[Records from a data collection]
[Start of Attachment]

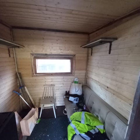 Ulkoseinät tummanharmaaksi maalattua peltiä. Sähköliitäntä.
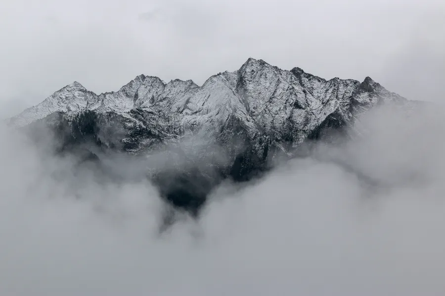 A Mountain Range Covered In Clouds -
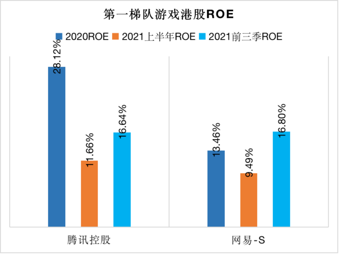 中手游与网龙ROE相近,前者2021上半年上新《斗罗大陆-斗神再临》及《航海王热血航线》,后者旗舰IP《魔域》继续保持强劲的表现,收入同比增长14.1%,《魔域口袋版》和《魔域手游》的合计月活跃用户数及日活跃用户数分别增长了25.7%和20.1%。
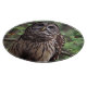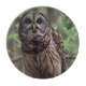 Eine schöne, erwachsene Eule, die auf einem Baumstamm steht. Foto von Brian Kraus.
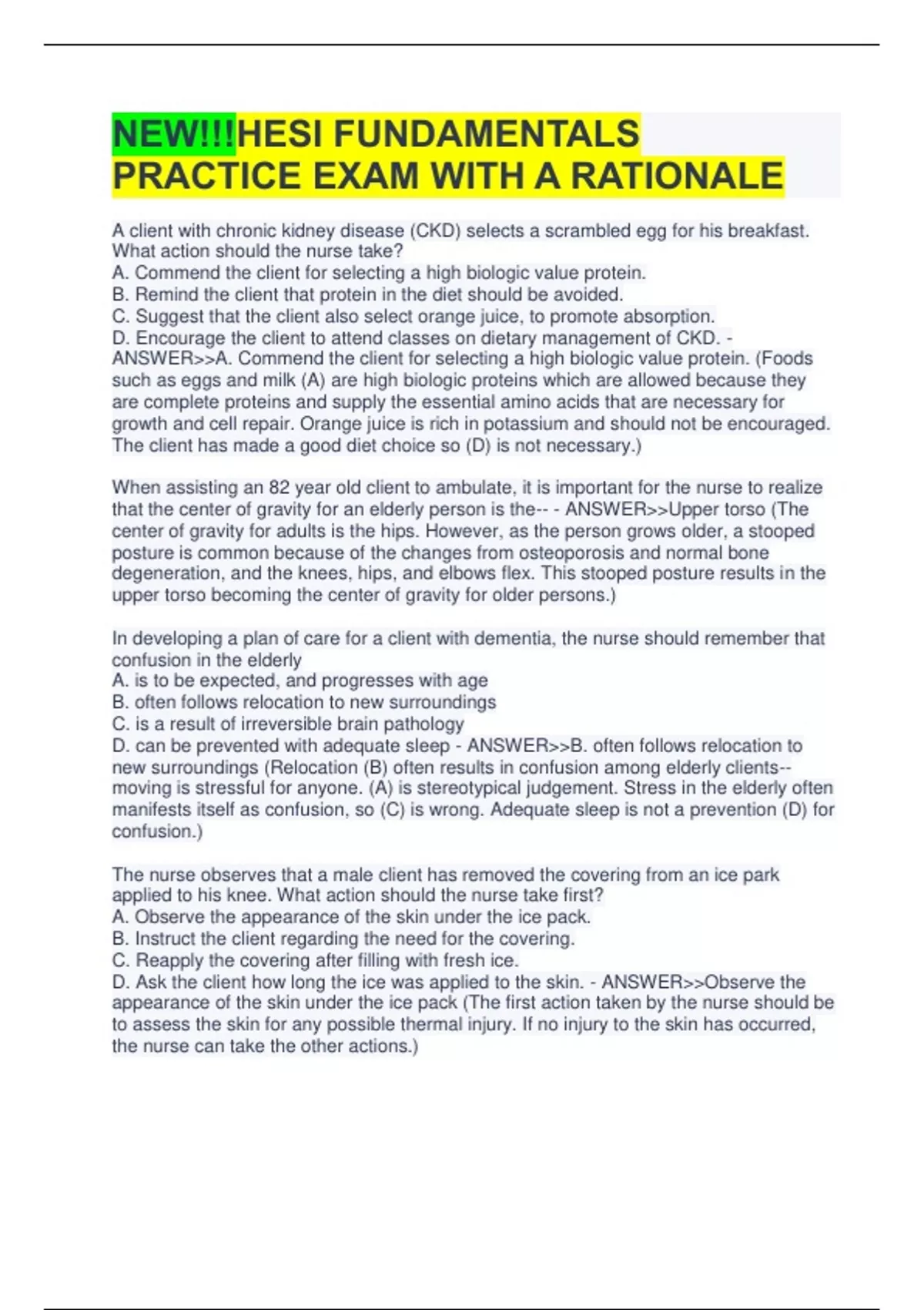 NEW!!!HESI FUNDAMENTALS PRACTICE EXAM WITH A RATIONALE
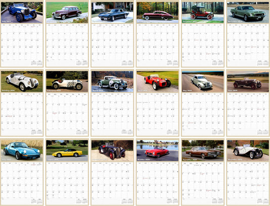 2025 - 2026 Wall Calendar Spiral-bound Twin-Wire Binding - 18 Months Planner - Large Ruled Blocks with Julian Dates - (Classic Cars)
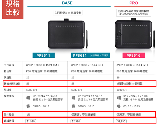 目前提供的三種方案感壓筆和繪圖板規格都一樣
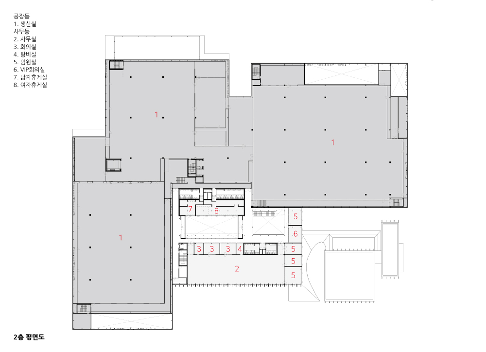 자동화를 염두에 두고 순환 동선을 계획하여 공정 변화에 유연하게 대응할 수 있도록 설계했다. 중심 코어를 활용한 순환식 동선을 통해 향후 생산 라인의 자동화 및 최적화에 맞춰 유연하게 조정할 수 있는 장기적인 확장 가능성을 확보했다.
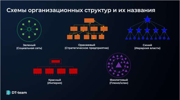 Рассмотрим подробнее описание паттернов, которые присущи каждому из видов организационных структур.
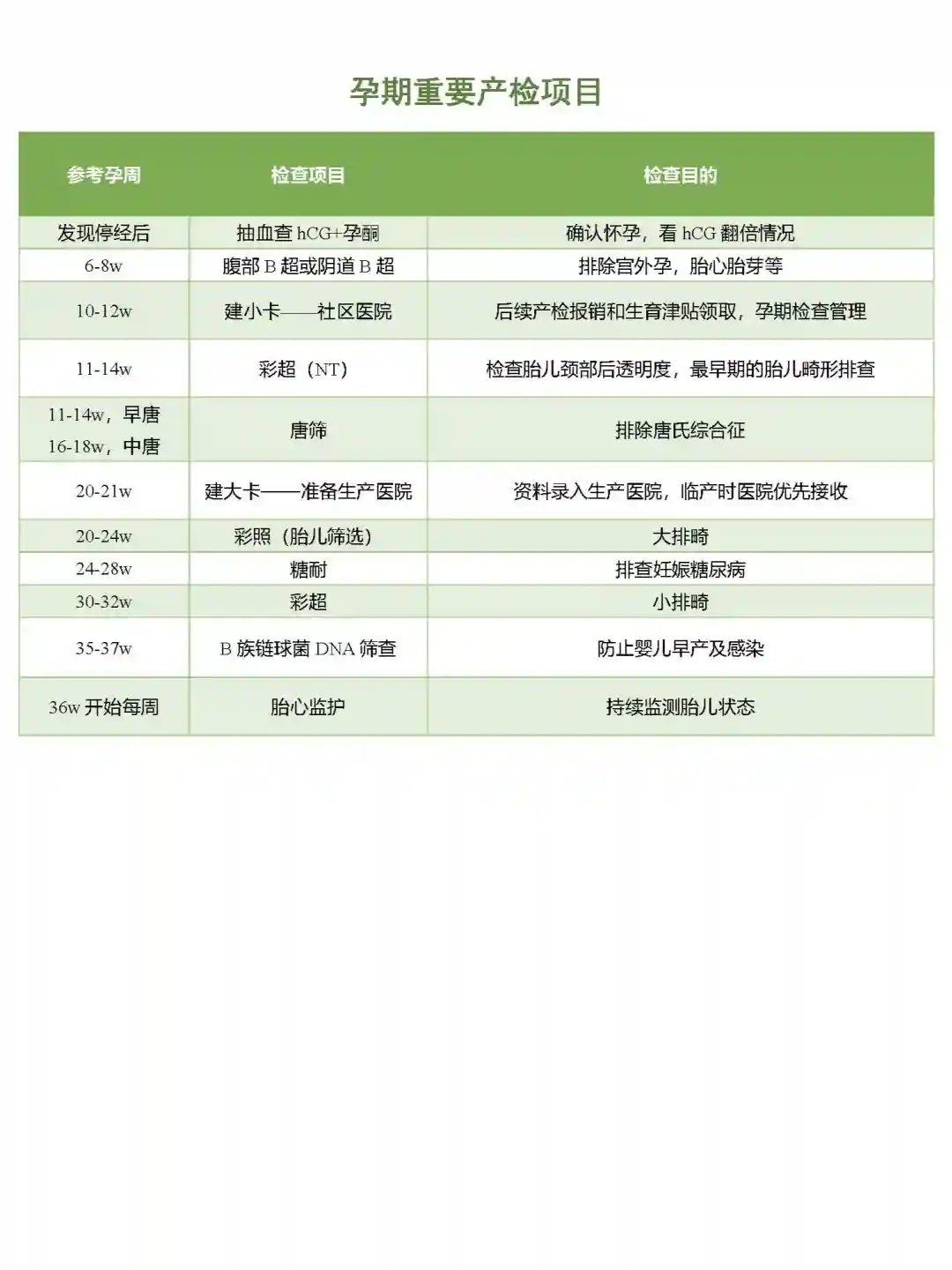 图2是几次重要产检的时间表。产检最好选在同一个医院,医生每次都会开好下一次的产检单,告知下次产检时间(产检项目都会安排在推荐的孕周内)
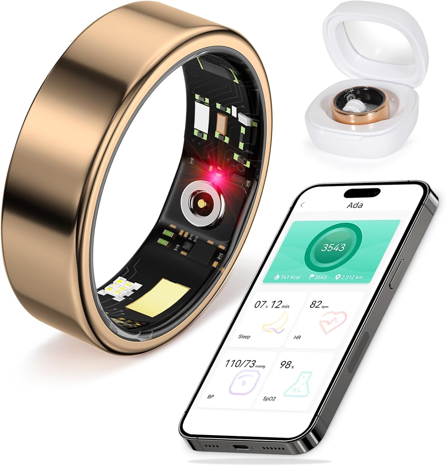 Smart Ring Fitness Tracker Ring for Men Women – Health Sleep Heart Rate Step Blood Oxygen Blood Pressure Tracker, IP68, No App Fee, Remote Photography, Utra Battery Life, Family Care(9# 18.95mm)

[End of Attachment]

Could you set down verbatim the lines from the beginning of the entries above through the line containing "图2是几次重要产检的时间表。", both included, leaving out the pictures?

 Ulkoseinät tummanharmaaksi maalattua peltiä. Sähköliitäntä.
 A Mountain Range Covered In Clouds -
 中手游与网龙ROE相近,前者2021上半年上新《斗罗大陆-斗神再临》及《航海王热血航线》,后者旗舰IP《魔域》继续保持强劲的表现,收入同比增长14.1%,《魔域口袋版》和《魔域手游》的合计月活跃用户数及日活跃用户数分别增长了25.7%和20.1%。
 Eine schöne, erwachsene Eule, die auf einem Baumstamm steht. Foto von Brian Kraus.
 NEW!!!HESI FUNDAMENTALS PRACTICE EXAM WITH A RATIONALE
 2025 - 2026 Wall Calendar Spiral-bound Twin-Wire Binding - 18 Months Planner - Large Ruled Blocks with Julian Dates - (Classic Cars)
 目前提供的三種方案感壓筆和繪圖板規格都一樣
 자동화를 염두에 두고 순환 동선을 계획하여 공정 변화에 유연하게 대응할 수 있도록 설계했다. 중심 코어를 활용한 순환식 동선을 통해 향후 생산 라인의 자동화 및 최적화에 맞춰 유연하게 조정할 수 있는 장기적인 확장 가능성을 확보했다.
 Рассмотрим подробнее описание паттернов, которые присущи каждому из видов организационных структур.
 图2是几次重要产检的时间表。产检最好选在同一个医院,医生每次都会开好下一次的产检单,告知下次产检时间(产检项目都会安排在推荐的孕周内)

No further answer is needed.